++++ Study material ++++
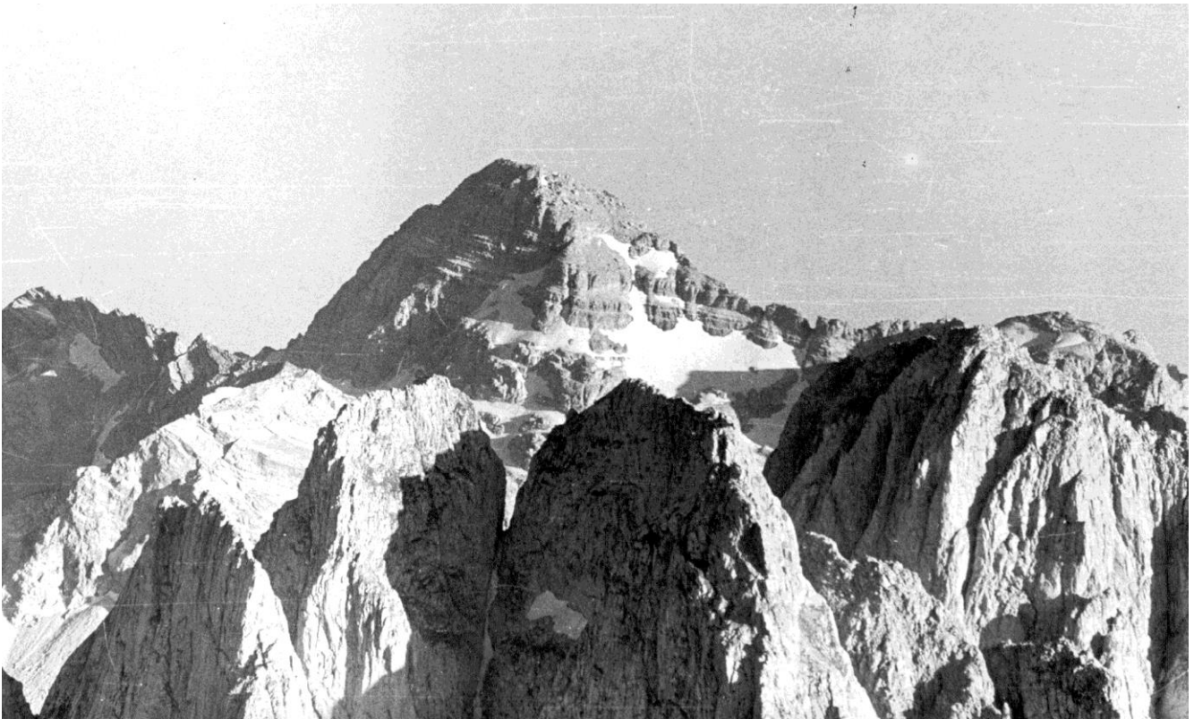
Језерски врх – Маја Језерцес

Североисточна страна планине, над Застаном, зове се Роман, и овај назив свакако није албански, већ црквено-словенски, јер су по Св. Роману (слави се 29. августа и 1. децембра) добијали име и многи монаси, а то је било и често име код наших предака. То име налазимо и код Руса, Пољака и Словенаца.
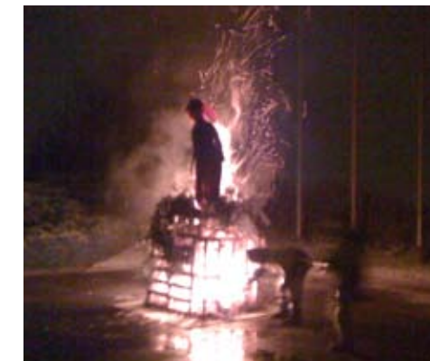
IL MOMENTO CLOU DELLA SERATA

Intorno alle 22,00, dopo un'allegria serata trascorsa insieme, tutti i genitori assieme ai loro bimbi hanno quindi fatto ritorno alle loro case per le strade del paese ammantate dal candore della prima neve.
++++
++++ Study material ++++
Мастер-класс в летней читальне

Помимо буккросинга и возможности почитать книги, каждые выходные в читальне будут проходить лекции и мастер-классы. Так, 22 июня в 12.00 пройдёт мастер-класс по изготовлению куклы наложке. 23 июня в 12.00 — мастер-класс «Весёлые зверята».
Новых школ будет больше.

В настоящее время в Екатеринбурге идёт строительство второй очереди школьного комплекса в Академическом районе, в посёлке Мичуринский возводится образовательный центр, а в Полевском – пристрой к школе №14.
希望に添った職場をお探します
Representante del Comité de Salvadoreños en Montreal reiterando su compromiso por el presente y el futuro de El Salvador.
++++
## Problem requirements
Give every line of the material that includes the string "читальне".

## Result of this exercise
Мастер-класс в летней читальне
Помимо буккросинга и возможности почитать книги, каждые выходные в читальне будут проходить лекции и мастер-классы. Так, 22 июня в 12.00 пройдёт мастер-класс по изготовлению куклы наложке. 23 июня в 12.00 — мастер-класс «Весёлые зверята».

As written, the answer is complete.